DATASET SECTION:
* * * * * * *
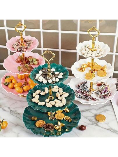 可拆卸轻质塑料甜点展示架 - 优雅三层蛋糕架,多层展示架,适用于生日、派对、婚礼和商业用途 - 彩色 - 查看 1
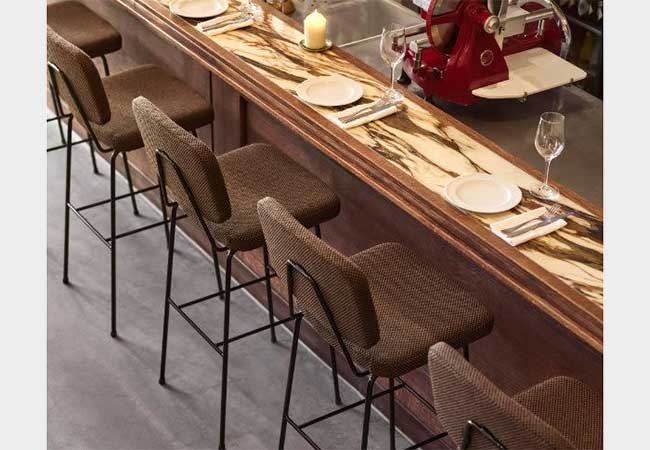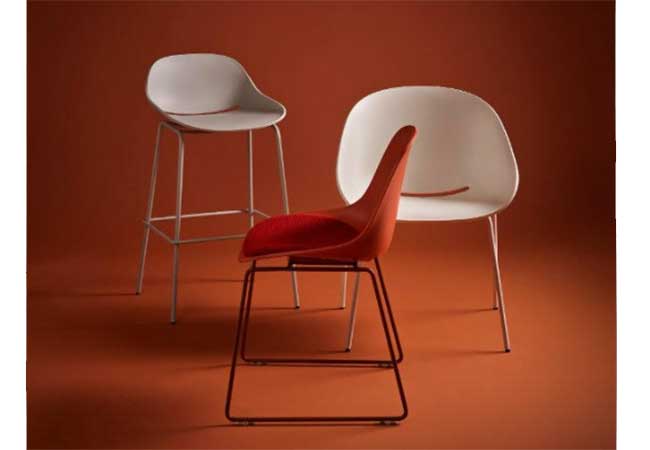 Daarnaast introduceert Artifort een barkruk binnen de Moulin-serie (foto 3), een ontwerp van Pierre Paulin. De uitbreiding sluit aan bij zijn vroege studies naar minimalistische zitvormen uit de jaren vijftig en vertaalt deze naar een hedendaagse toepassing.
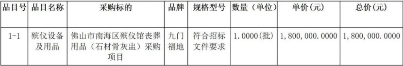 合同包1(佛山市南海區(qū)殯儀館喪葬用品(石材骨灰盅)采購項目):
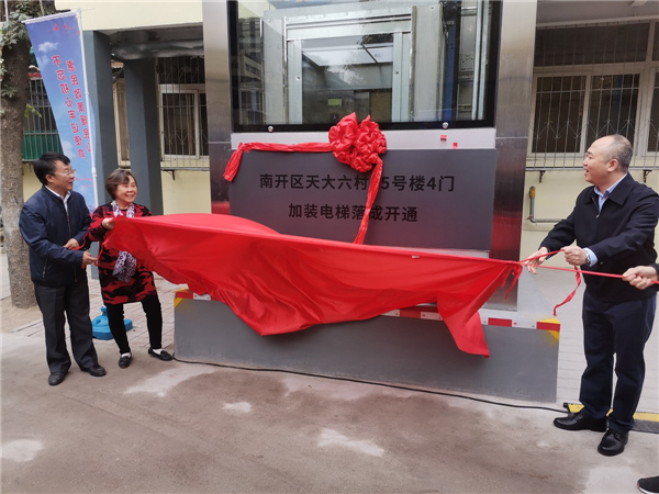 仪式最后,张凤宝、罗进飞、陈文利和居民代表李宛平共同为加装电梯进行了揭牌,宣布天大六村加装电梯正式建成并投入使用。
* * * * * * *
DIRECTIONS:
A faithful copy of the data above is wanted, with every image left out.

RESULT OF THIS EXERCISE:
 可拆卸轻质塑料甜点展示架 - 优雅三层蛋糕架,多层展示架,适用于生日、派对、婚礼和商业用途 - 彩色 - 查看 1
 Daarnaast introduceert Artifort een barkruk binnen de Moulin-serie (foto 3), een ontwerp van Pierre Paulin. De uitbreiding sluit aan bij zijn vroege studies naar minimalistische zitvormen uit de jaren vijftig en vertaalt deze naar een hedendaagse toepassing.
 合同包1(佛山市南海區(qū)殯儀館喪葬用品(石材骨灰盅)采購項目):
 仪式最后,张凤宝、罗进飞、陈文利和居民代表李宛平共同为加装电梯进行了揭牌,宣布天大六村加装电梯正式建成并投入使用。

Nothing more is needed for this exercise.